Aylardır siyaset sahnesinden inmeyen soğan, patates, beka tartışmalarında son söz yine seçmenin oldu.

Demokrasi denilen şeyin en güzel yanı da bu değil mi zaten?

Kim ne derse desin, rakibine hangi argümanlarla yüklenirse yüklensin, kararı vakti zamanı gelince memleketlinin bizatihi kendisi veriyor. 

Dolayısıyla…

14 Mayıs’ta yine gördük ki, seçmene ait oy’a yön tayin etmek öyle kolay olmuyor.

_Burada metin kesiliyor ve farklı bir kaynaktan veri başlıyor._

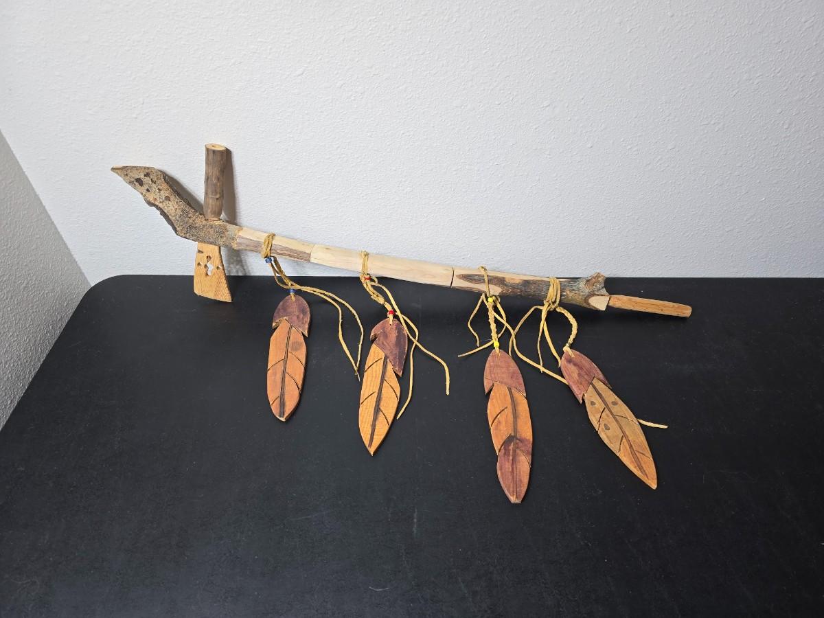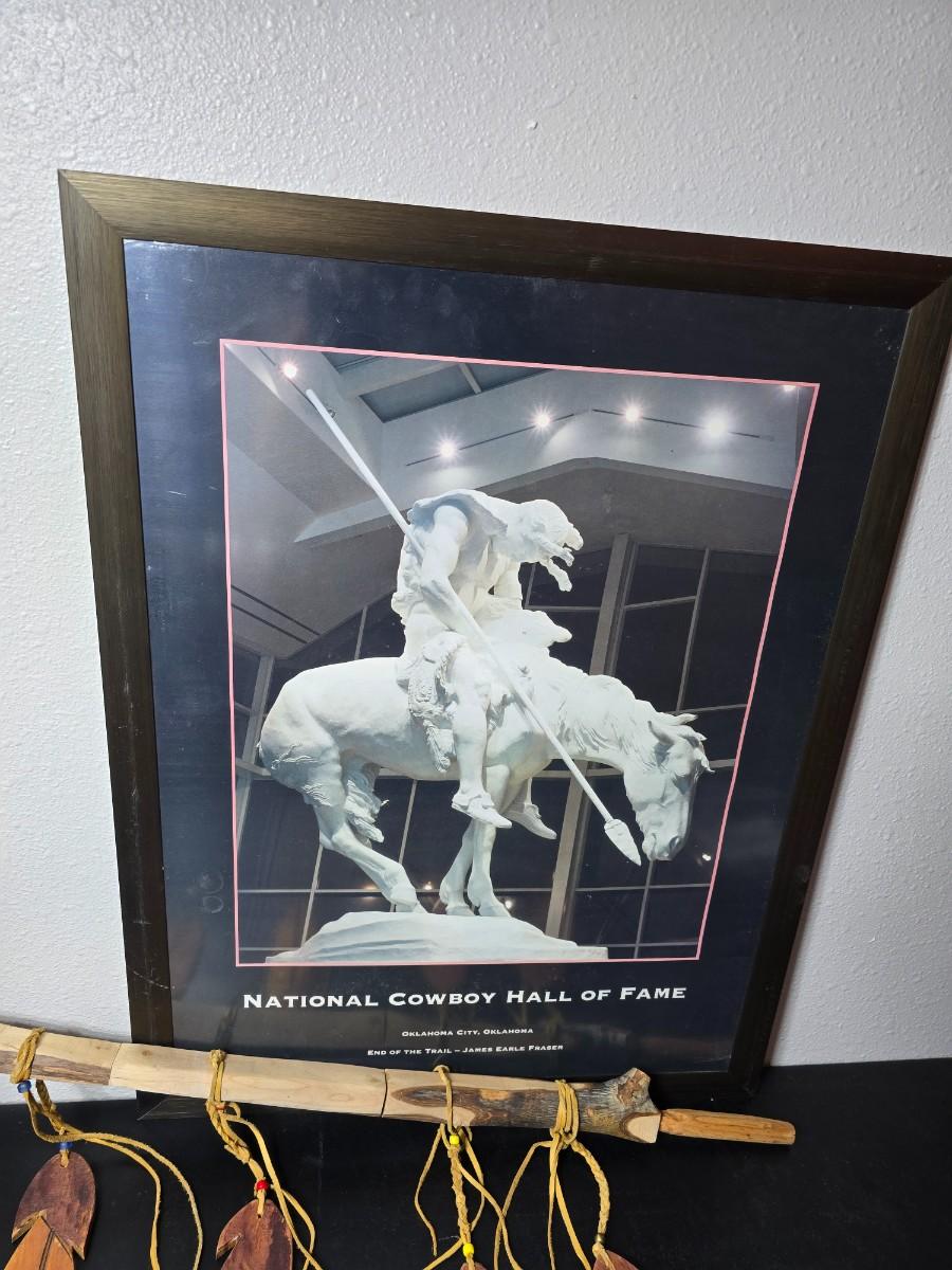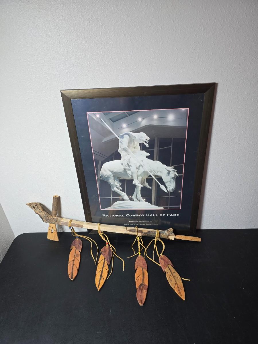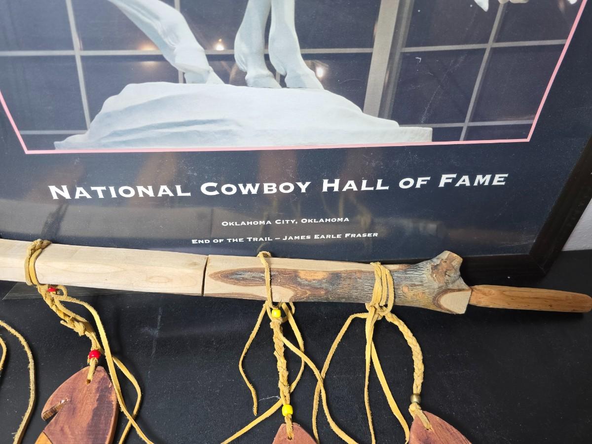 Wood carved Tomahawk pipe replica with a framed "The End of the Trail" by James Earle Fraser
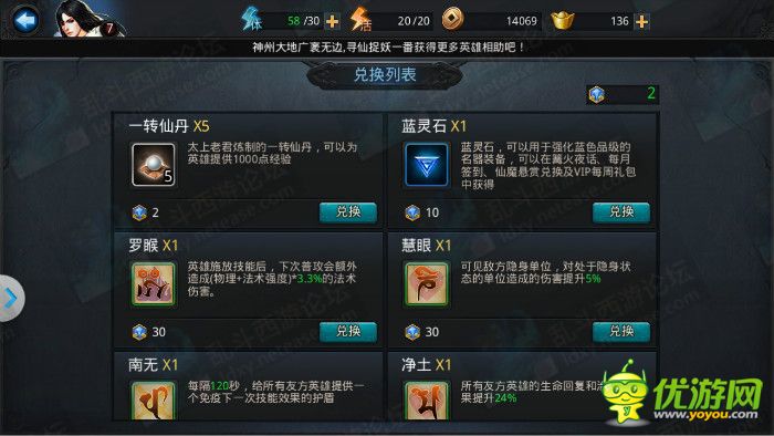 5、集齐仙魔石可兑换稀有道具哦~点击右下角“兑换”,进入兑换列表。
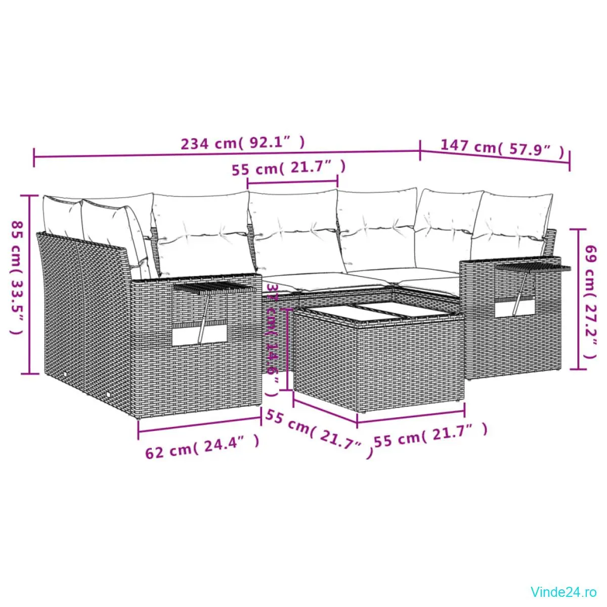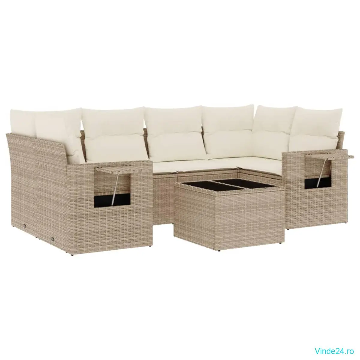 vidaXL Set canapele de grădină, 7 piese, cu perne, bej, poliratan
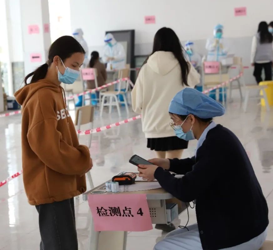 入校后,师生有序来到核酸采样现场,积极配合医务人员完成核酸检测工作,各项工作进展顺利、秩序井然。
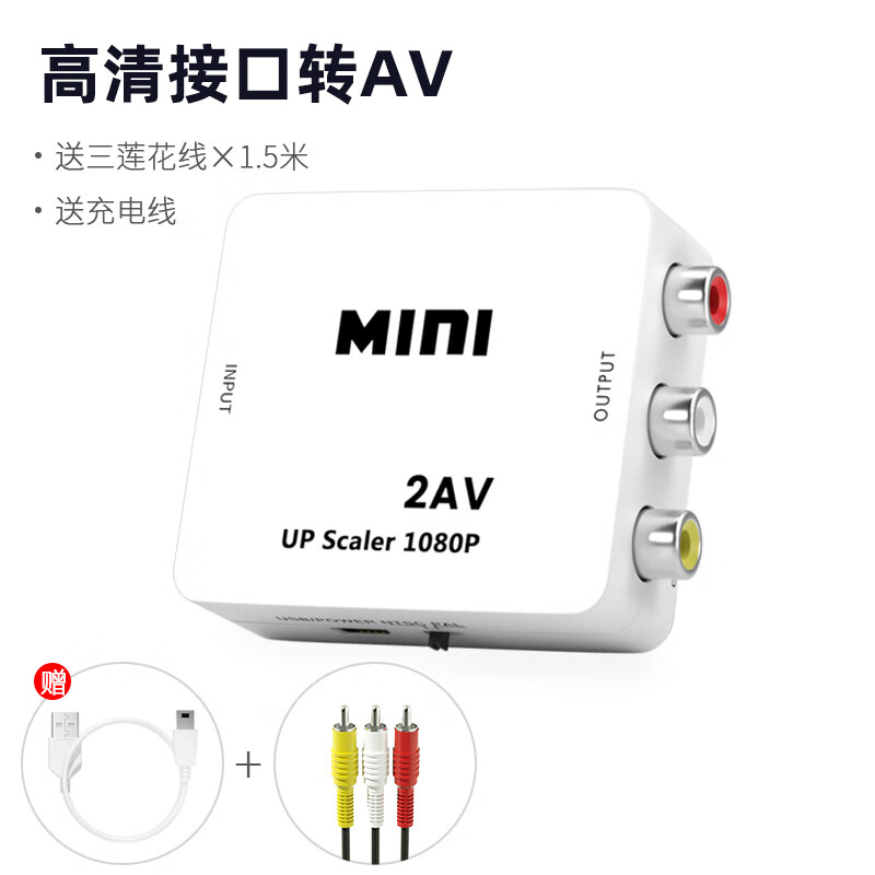 Tengfei腾飞HDMI转AV转换器VGA高清视频转RCA老式电视机顶盒高清接口三莲花机顶盒小霸王游戏机接电视机 高清接口转AV【含供电线+1.5米三莲花线】 精美盒装

Zira pek dikkate alınmasa da, her memleketlinin kendince;

- Duruşu

- Doğruları

- Vicdanı 

- Aklı 

Ve bunların minvalinde bir muhasebe yeteneği var.

İşte bugün…

Art arda sıraladığımız tüm bu bileşenlerdir Meclis’i yeniden şekillendiren.

Bu bağlamda, bilhassa dikkat çekmek istediğim hususa gelince…

14 Mayıs sonrası şapkasını önüne alıp düşünmesi gerekenler, sandıktan çıkan karara burun kıvırıp, ‘kazandık’ diyen seçmenin akıl ve iradesiyle alay etmemeli.

Nitekim…

Bilinmeli ki, bu topraklarda seçme hakkı verilen hiç kimse geri zekâlı ya da aptal değil!

Neticede;

- Her seçmen oyunu, bağımsız bir irade ile bağımsız bir Türkiye için kullanıyor

- Her seçmen oyunu, kendi kendine rahatça yetebilen güçlü bir Türkiye hayaliyle kullanıyor

- Her seçmen oyunu, kendi için değil, kenti için çalışacak olanlardan yana kullanıyor

- Her seçmen oyunu, ülkesi, memleketi, işi, aşı, bugünü ve yarınları için kullanıyor

Hep derim.

Şimdi de yazıyorum.

Saygı duymak, saygınlığı artırır efendiler.

Topraklarımızda kaybedenin olmayacağı bir beş yılın temennisiyle, ‘memleket için hayırlısı ne ise o olsun’ demek lazımdır.